Starting point is 00:27:32 That would really appreciate that. Oh my God, yeah. Speaking of, we did a video last week called Benging with Babish, which was a spoof of very brilliant YouTuber binging with Babish, where we sort of did a cooking show and just totally aped and ripped off his style. I don't know if by this point maybe we have got his attention, because we're recording this the week before this goes out. We're filming us four hours after the video went live.
Starting point is 00:27:55 Exactly. So we just want you to keep tweeting it at him and posting it. in his Reddit and just trying to get him to see the video. We want him to block us. We want to be blocked by Babish. Blocking with Babish. That would be great. Of course. Right. Who wants to bring their thing
Starting point is 00:28:14 a thing to a table? Sir, sir. Go on Mikey. What you got? I just want to talk supernatural spoopy things. Oh no. Have any of you ever had any supernatural kind of weird experiences that can't be explained? So I feel like everyone has one, even if it's just something small. I have.
Starting point is 00:28:31 Oh. Yeah. We had a big family sort of get together at my parents' place. We had loads of people around from, there were probably like 20 or 30 people there. And one aunt was conspicuous by her absence because she'd like passed away like a year before. And everyone was sort of like having a really nice time. But occasionally we would say, it's a shame.
Starting point is 00:29:00 She's not here. That's a bit of a shame. And then at 4pm, I was standing in the kitchen. And we've got this old grandfather clock at the foot of the stairs. Or grandmother. Or grandmother. And it doesn't work. It doesn't even have the weights in it that like pull the chain to make it tick.

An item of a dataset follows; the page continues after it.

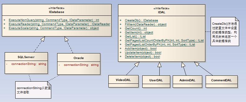 說明:IDatabase是一個接口,定義了一些執(zhí)行SQL語句或存儲過程的方法,上圖中只標出了三個,SQLServer和Oracle是兩個具體的數(shù)據庫,實現(xiàn)IDatabase接口,IDAL是一個表示對Video、User、Admin、Comment進行管理的接口,其中的CreateDb()方法從配置文件中讀取數(shù)據庫類型,然后利用反射創(chuàng)建該具體數(shù)據庫(SQLServer類或Oracle類)并返回,其它方法全部都利用CreateDb()返回的數(shù)據庫類來執(zhí)行相應的Sql語句或存儲過程,其中GetCount()是返回該對象的總數(shù)量(如Video的總數(shù)、User的總數(shù)),GetItem(int id)通過該對象的id(在數(shù)據庫中是主鍵)返回對象(比如VideoDAL中的GetItem(int id)就通過數(shù)據庫中video的ID返回Video對象),GetList就是返回對象列表(如VideoList,UserList),GetPagedListOrderByPK(int startRow, int maxRows, SortType sortType)也是返回一個列表,但它是分頁時當前頁應該顯示的那部分對象列表,startRow和maxRows是該頁的起始行號和取出的最大記錄數(shù)(可以認為是page size),方法體中是與數(shù)據庫交互,取出數(shù)據,SortType是一個枚舉,有ASC和DESC兩值,代表排序規(guī)則,結果是按主鍵排序的。
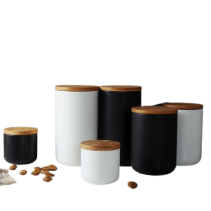 Pote De Armazenamento De Bambu E Cerâmica: Organização E Estilo Para Sua Cozinha Explore a funcionalidade sofisticada do nosso pote de armazenamento de bambu e cerâmica. Seu design clássico de bambu natural e esmalte fosco, oferecendo um contraste elegante e atemporal. Estes potes vedam graças às juntas de silicone, mantendo seus ingredientes frescos e prontos...

Starting point is 00:29:22 And the hands are just stuck at 10 to 8, I think. Anyway, we're all standing there just having a chat in the kids. kitchen and suddenly this clock strikes four. Oh God. And I looked at the other clock that we have in the kitchen and it was four o'clock sharp. Oh my God. That was just like, anti saying hello. Well, everyone just looked at this clock and they were like, oh, I didn't know that that clock was working. And I'm saying, no, no, it doesn't work. It's not working. It doesn't have weights in it. The hands are pointed at 10 to 8. But it's 4 p.m. right now and it struck four. And, I mean, I'm not even saying that it was the ante, but we just sort of said, well, if that was a ghost, let's just say it was her.

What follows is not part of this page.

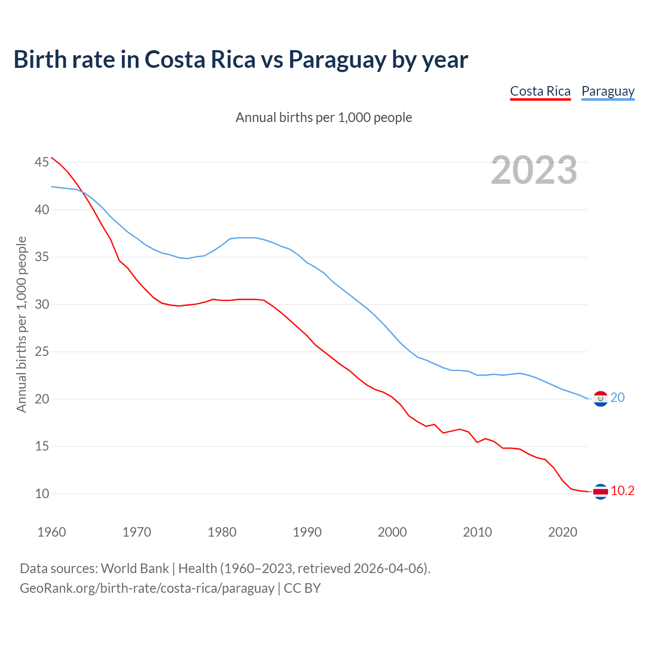 GeoRank.org/birth-rate/costa-rica/paraguay | CC BY

Starting point is 00:30:08 Yeah, that's nice. Not some sort of poltergeist. Yeah. But, you know, I've, I'm always open to like rational explanations for these things, but all I can say is there were no weights in this clock and the hands were on 10 to 8 and it struck 4 at 4 o'clock. And if anyone has any possible explanation for that, I'd love to hear it. But that literally happened in front of like five or six people. And that was just weird. No explanation for that.
Starting point is 00:30:34 Jesus. I personally am a big spooky boy in terms of easily being spooked. Well, actually, I'm not that easily spooked anymore. I used to be way easier spooked. I think our time at the thought parks proved otherwise. Actually, I'm sort of just tired of it now. I mean, naturally, as a human being, I don't, I'm not a huge fan of the dark. No.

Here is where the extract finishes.